Activity:
Every entry below is to be copied exactly, apart from any picture it holds.

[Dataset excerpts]
§
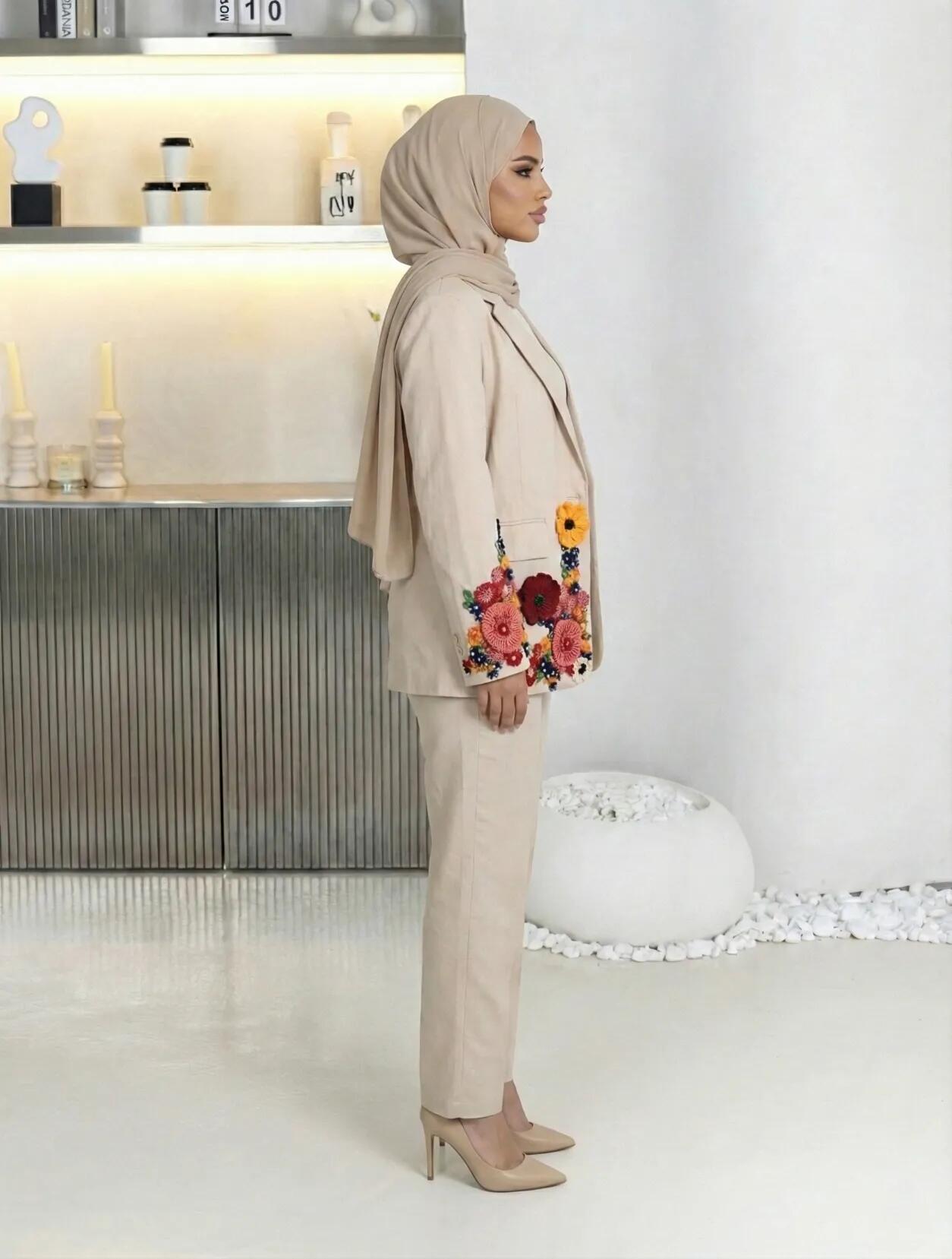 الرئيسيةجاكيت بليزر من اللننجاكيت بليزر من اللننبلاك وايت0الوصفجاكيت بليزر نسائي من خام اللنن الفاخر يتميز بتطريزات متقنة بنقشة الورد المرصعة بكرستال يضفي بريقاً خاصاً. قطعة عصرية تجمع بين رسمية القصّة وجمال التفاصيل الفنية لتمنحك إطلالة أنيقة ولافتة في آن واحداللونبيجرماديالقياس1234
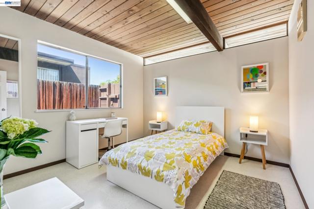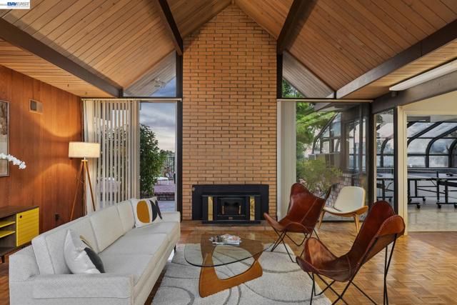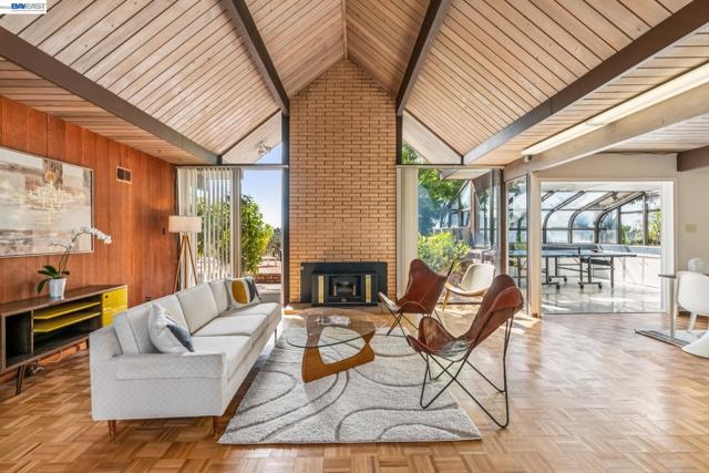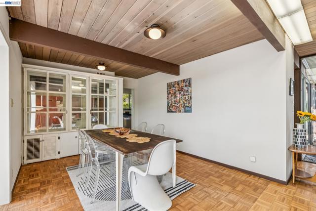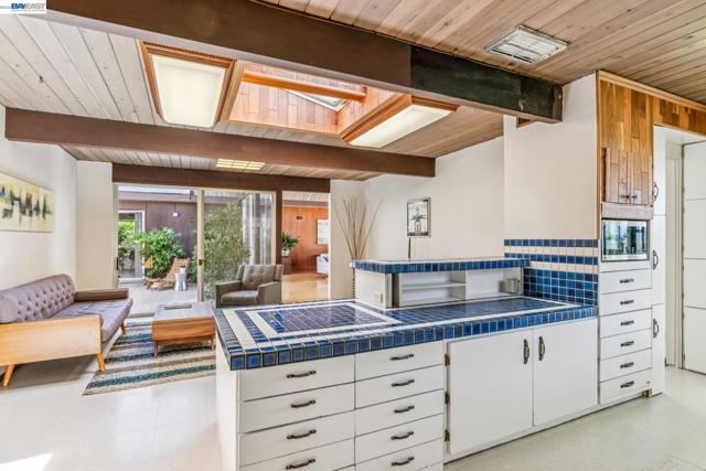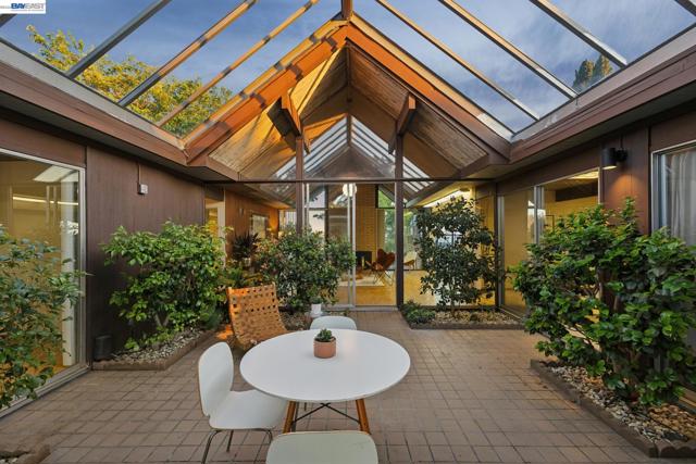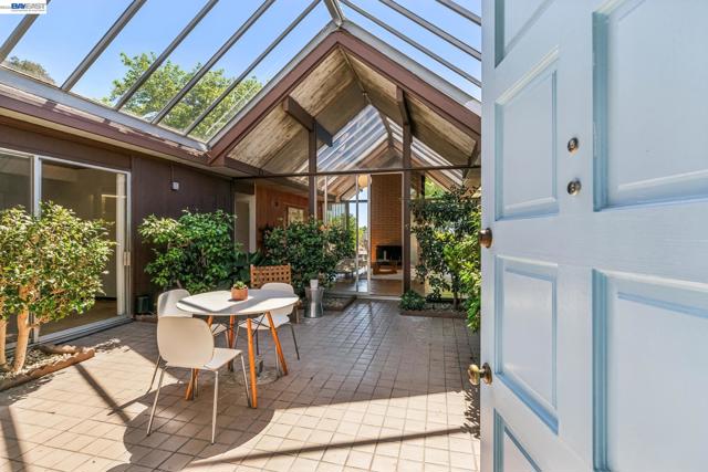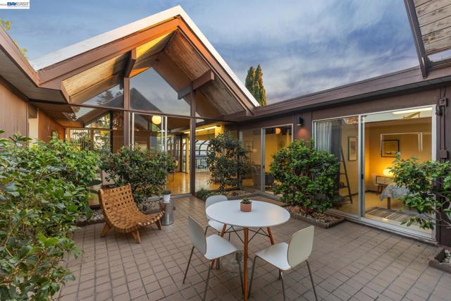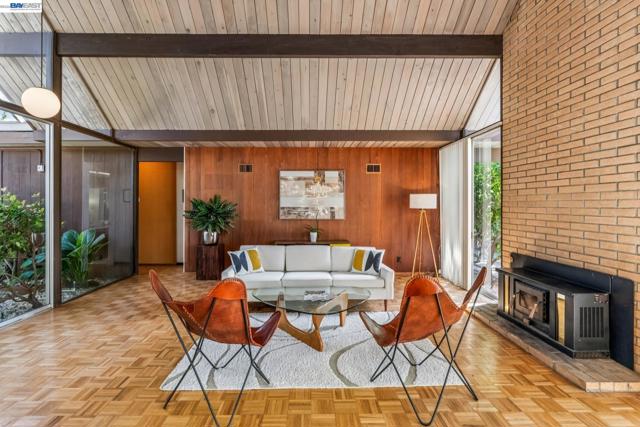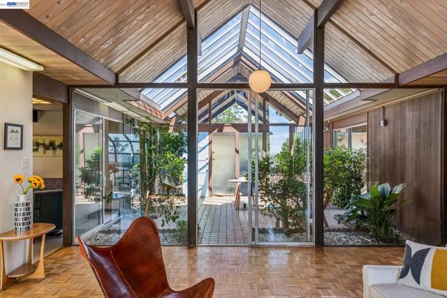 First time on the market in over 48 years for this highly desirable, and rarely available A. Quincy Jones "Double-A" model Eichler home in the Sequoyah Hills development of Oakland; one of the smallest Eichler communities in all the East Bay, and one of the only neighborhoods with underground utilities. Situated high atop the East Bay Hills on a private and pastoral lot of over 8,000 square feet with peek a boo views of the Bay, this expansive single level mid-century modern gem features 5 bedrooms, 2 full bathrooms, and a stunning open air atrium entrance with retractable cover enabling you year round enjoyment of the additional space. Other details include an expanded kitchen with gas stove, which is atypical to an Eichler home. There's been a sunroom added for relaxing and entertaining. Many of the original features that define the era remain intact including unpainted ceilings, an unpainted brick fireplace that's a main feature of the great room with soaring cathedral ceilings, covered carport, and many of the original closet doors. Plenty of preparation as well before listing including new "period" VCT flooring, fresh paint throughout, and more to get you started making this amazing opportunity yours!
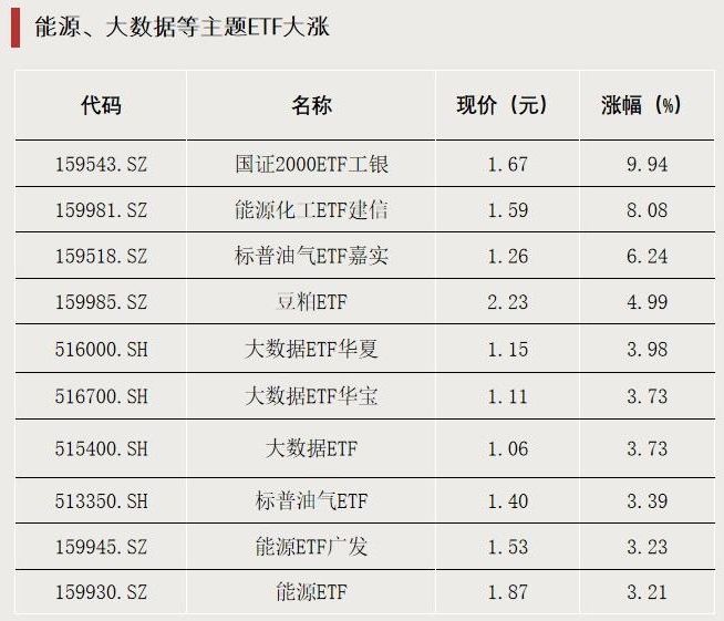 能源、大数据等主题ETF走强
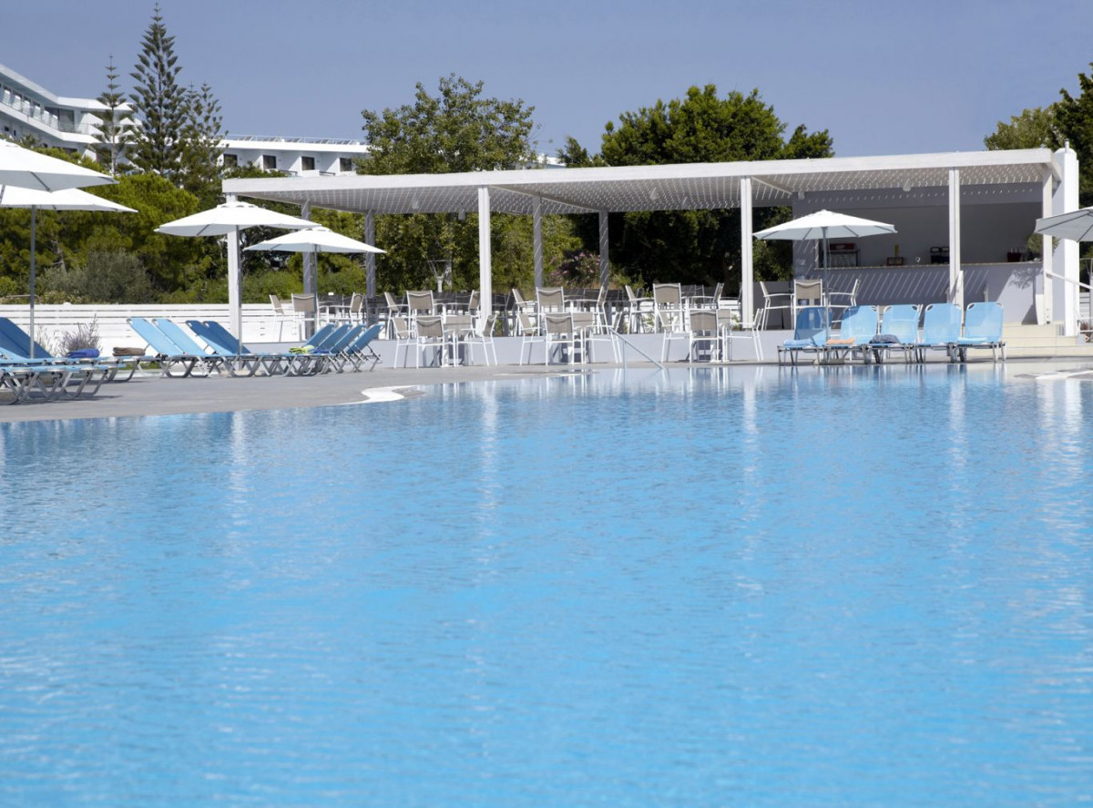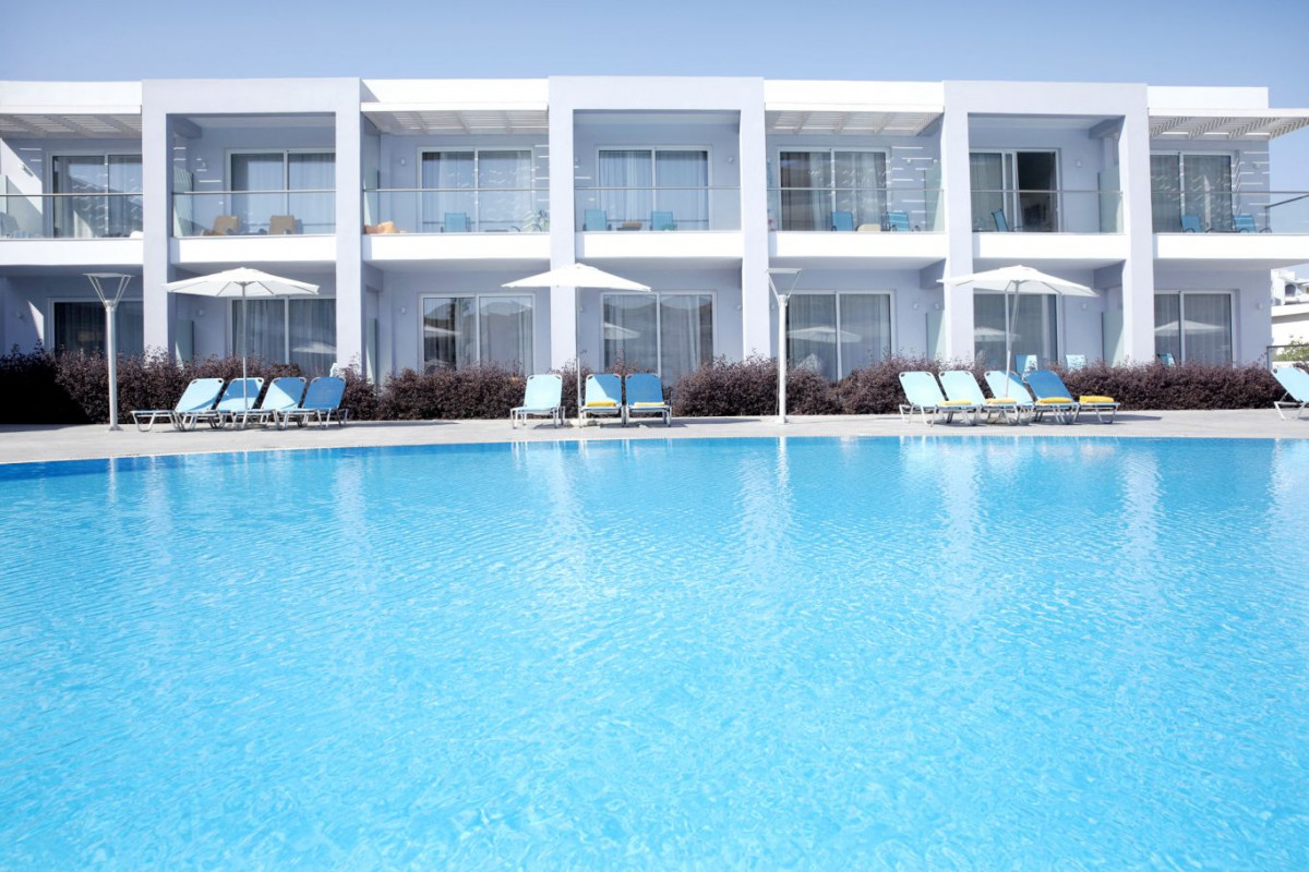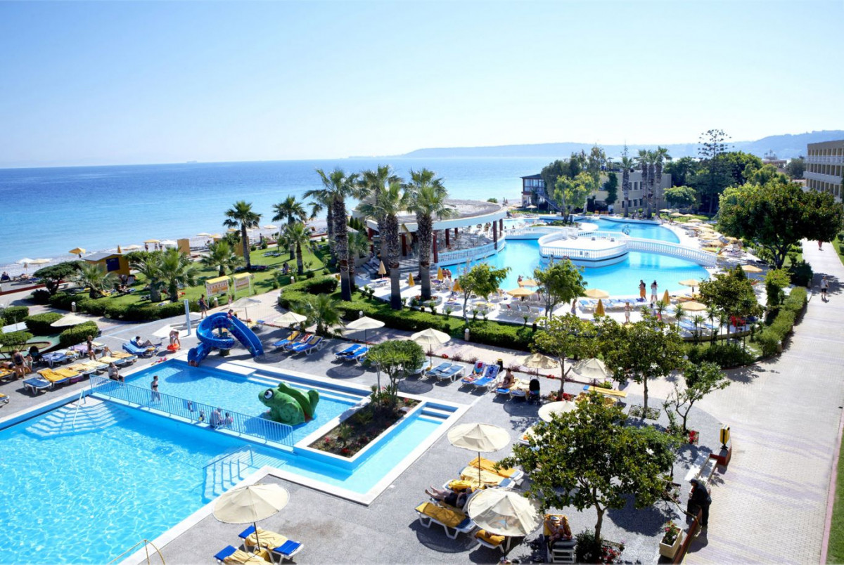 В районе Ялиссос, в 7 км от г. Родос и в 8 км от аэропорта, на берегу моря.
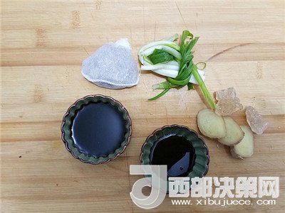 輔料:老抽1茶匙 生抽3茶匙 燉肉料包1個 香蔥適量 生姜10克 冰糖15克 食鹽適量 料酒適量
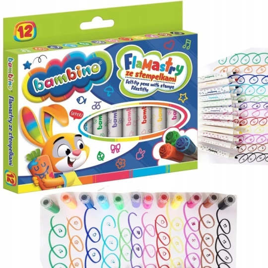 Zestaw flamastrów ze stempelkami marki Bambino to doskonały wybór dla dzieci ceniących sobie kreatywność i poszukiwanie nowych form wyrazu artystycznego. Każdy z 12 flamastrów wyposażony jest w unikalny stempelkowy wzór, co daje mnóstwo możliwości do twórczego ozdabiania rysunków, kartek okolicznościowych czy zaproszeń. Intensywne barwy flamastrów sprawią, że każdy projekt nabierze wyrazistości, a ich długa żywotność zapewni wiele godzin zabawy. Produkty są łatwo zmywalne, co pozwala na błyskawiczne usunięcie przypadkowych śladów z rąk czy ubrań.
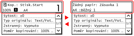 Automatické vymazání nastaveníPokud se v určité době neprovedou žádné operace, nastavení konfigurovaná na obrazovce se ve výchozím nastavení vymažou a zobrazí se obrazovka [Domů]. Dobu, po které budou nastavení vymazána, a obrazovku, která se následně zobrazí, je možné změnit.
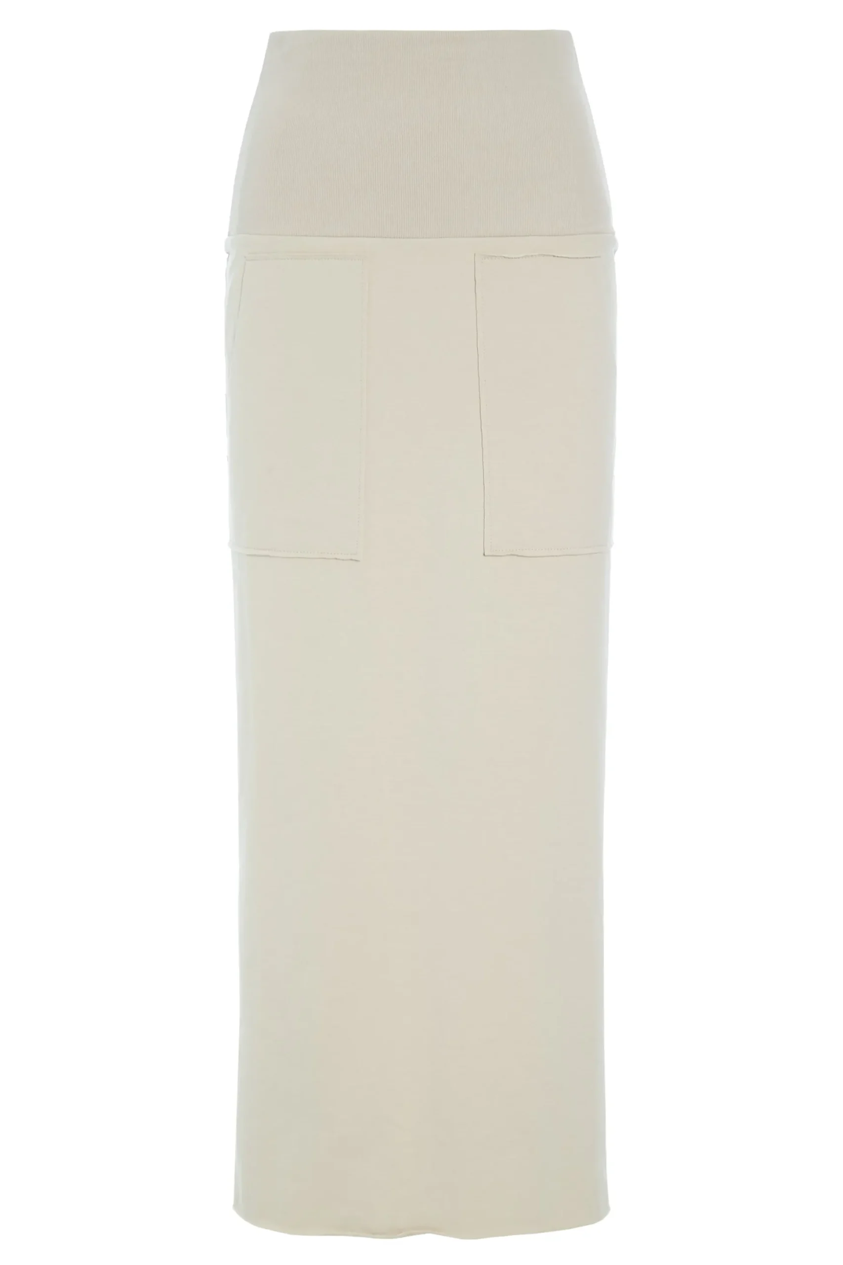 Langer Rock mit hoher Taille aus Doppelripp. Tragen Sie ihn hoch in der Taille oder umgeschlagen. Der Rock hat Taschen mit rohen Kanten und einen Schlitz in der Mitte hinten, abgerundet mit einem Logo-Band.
§
Solved exercise:
 الرئيسيةجاكيت بليزر من اللننجاكيت بليزر من اللننبلاك وايت0الوصفجاكيت بليزر نسائي من خام اللنن الفاخر يتميز بتطريزات متقنة بنقشة الورد المرصعة بكرستال يضفي بريقاً خاصاً. قطعة عصرية تجمع بين رسمية القصّة وجمال التفاصيل الفنية لتمنحك إطلالة أنيقة ولافتة في آن واحداللونبيجرماديالقياس1234
 First time on the market in over 48 years for this highly desirable, and rarely available A. Quincy Jones "Double-A" model Eichler home in the Sequoyah Hills development of Oakland; one of the smallest Eichler communities in all the East Bay, and one of the only neighborhoods with underground utilities. Situated high atop the East Bay Hills on a private and pastoral lot of over 8,000 square feet with peek a boo views of the Bay, this expansive single level mid-century modern gem features 5 bedrooms, 2 full bathrooms, and a stunning open air atrium entrance with retractable cover enabling you year round enjoyment of the additional space. Other details include an expanded kitchen with gas stove, which is atypical to an Eichler home. There's been a sunroom added for relaxing and entertaining. Many of the original features that define the era remain intact including unpainted ceilings, an unpainted brick fireplace that's a main feature of the great room with soaring cathedral ceilings, covered carport, and many of the original closet doors. Plenty of preparation as well before listing including new "period" VCT flooring, fresh paint throughout, and more to get you started making this amazing opportunity yours!
 能源、大数据等主题ETF走强
 В районе Ялиссос, в 7 км от г. Родос и в 8 км от аэропорта, на берегу моря.
 輔料:老抽1茶匙 生抽3茶匙 燉肉料包1個 香蔥適量 生姜10克 冰糖15克 食鹽適量 料酒適量
 Zestaw flamastrów ze stempelkami marki Bambino to doskonały wybór dla dzieci ceniących sobie kreatywność i poszukiwanie nowych form wyrazu artystycznego. Każdy z 12 flamastrów wyposażony jest w unikalny stempelkowy wzór, co daje mnóstwo możliwości do twórczego ozdabiania rysunków, kartek okolicznościowych czy zaproszeń. Intensywne barwy flamastrów sprawią, że każdy projekt nabierze wyrazistości, a ich długa żywotność zapewni wiele godzin zabawy. Produkty są łatwo zmywalne, co pozwala na błyskawiczne usunięcie przypadkowych śladów z rąk czy ubrań.
 Automatické vymazání nastaveníPokud se v určité době neprovedou žádné operace, nastavení konfigurovaná na obrazovce se ve výchozím nastavení vymažou a zobrazí se obrazovka [Domů]. Dobu, po které budou nastavení vymazána, a obrazovku, která se následně zobrazí, je možné změnit.
 Langer Rock mit hoher Taille aus Doppelripp. Tragen Sie ihn hoch in der Taille oder umgeschlagen. Der Rock hat Taschen mit rohen Kanten und einen Schlitz in der Mitte hinten, abgerundet mit einem Logo-Band.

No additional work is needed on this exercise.